A Chemist's Perspective on the Habits and Skills STEM Students Need For Success

Tag: passion

  • Weekly Quotation: Sunday, May 31, 2026: The Key to a Joyful Career

    Weekly Quotation: Sunday, May 31, 2026: The Key to a Joyful Career

    For your consideration:

    Your work is going to fill a large part of your life, and the only way to be truly satisfied is to do what you believe is great work. And the only way to do great work is to love what you do. If you haven’t found it yet, keep looking. Don’t settle. As with all matters of the heart, you’ll know when you find it.

    – Steve Jobs

    The secret to success in what you do is to find your passion. It is not always the career that earns you the highest salary or a significant title; it is the one that brings you the most joy and fosters personal growth. A career that encourages you to become the best version of yourself. A career that brings you joy as well as those you serve is, in my view, the key to happiness.

    Speaking from experience, it is very easy to get caught up in trying to meet the expectations of the world around us: to solve the next challenge, earn the highest salary, receive the quickest promotions, that we get lost; we miss out on the true meaning of our lives. It is only when we pause and, through self-reflection, evaluate who we are and who we want to be that we change the course of our lives to pursue our passions. It is the most courageous thing you and I may ever do.

  • Following Your Passion: A Personal Journey

    Following Your Passion: A Personal Journey

    For your consideration –

    “Follow your enthusiasm. It’s something I’ve always believed in. Find those parts of your life you enjoy the most.
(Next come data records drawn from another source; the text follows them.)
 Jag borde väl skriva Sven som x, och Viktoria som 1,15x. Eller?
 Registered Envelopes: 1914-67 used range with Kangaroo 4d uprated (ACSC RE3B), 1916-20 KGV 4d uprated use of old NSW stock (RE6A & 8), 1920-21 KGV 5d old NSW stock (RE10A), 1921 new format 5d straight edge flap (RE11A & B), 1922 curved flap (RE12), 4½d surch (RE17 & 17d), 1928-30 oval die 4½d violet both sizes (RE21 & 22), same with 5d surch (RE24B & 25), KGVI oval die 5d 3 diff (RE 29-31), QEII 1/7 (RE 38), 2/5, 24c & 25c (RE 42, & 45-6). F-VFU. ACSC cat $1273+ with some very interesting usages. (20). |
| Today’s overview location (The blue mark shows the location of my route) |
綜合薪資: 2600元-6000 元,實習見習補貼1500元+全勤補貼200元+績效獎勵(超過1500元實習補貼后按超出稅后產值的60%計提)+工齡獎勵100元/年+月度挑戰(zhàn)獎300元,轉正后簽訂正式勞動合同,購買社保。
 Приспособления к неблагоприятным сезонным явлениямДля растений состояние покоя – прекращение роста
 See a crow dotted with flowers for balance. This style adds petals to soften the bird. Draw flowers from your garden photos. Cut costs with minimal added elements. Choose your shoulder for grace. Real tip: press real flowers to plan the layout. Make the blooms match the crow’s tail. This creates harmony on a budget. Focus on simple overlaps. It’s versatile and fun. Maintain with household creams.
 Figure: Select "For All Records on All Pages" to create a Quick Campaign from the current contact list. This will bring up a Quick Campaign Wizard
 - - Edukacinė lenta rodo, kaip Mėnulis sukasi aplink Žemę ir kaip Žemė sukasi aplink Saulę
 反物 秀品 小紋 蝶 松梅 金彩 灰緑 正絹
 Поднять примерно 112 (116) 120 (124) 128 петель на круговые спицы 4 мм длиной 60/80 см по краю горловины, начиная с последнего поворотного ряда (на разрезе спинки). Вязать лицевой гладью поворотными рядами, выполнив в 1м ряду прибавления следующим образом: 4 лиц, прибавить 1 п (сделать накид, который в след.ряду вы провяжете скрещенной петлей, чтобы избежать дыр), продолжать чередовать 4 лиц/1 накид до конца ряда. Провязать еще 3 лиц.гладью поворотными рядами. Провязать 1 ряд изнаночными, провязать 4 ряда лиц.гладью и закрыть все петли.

Do what you enjoy doing.”

    – Jim Henson

    I want you to recognize the importance of following your passion(s). I want you to understand who you want to be and make your decision(s) to follow your dreams, setting your own expectations based upon what truly motivates you.

    As I reflect upon my life, my achievements, my successes, and my failures, my greatest mistake has been that I have always sought out the next challenge, and meeting that challenge would make me happy. Thus, giving me the recognition I longed for. I now recognize that I lost my way.

    I wasted so many years in supervisory and management roles that I did not enjoy, only because I believed that they were a mandatory next step along my career path. I then spent seven years in the classroom, believing I had the background knowledge and experience that would guarantee my success in the teaching field. It did not; I was not happy and did not do my students justice.

    I truly enjoyed just being an instrumental chemist, working in a lab performing analyses, especially operating gas chromatography/mass spectrometry instrumentation. At one point in my career, I worked as an R&D chemist for Hewlett-Packard’s Analytical Products Division in Avondale, Pennsylvania. It was an opportunity to combine my passion for instrumental chemistry with the opportunity to be on the cutting edge of new product design. It was my dream job. But it was the wrong time in my personal journey. And now, as my perspective has changed, with age, I can acknowledge I would not be where I am today if I had continued down that path. And I am truly blessed to be where I am today.

    The lesson is this: know yourself. Constantly practice self-awareness and self-reflection. Ask yourself: “What truly makes me happy?” and “What type of person do I want to be known as?” And, most importantly, follow your dreams.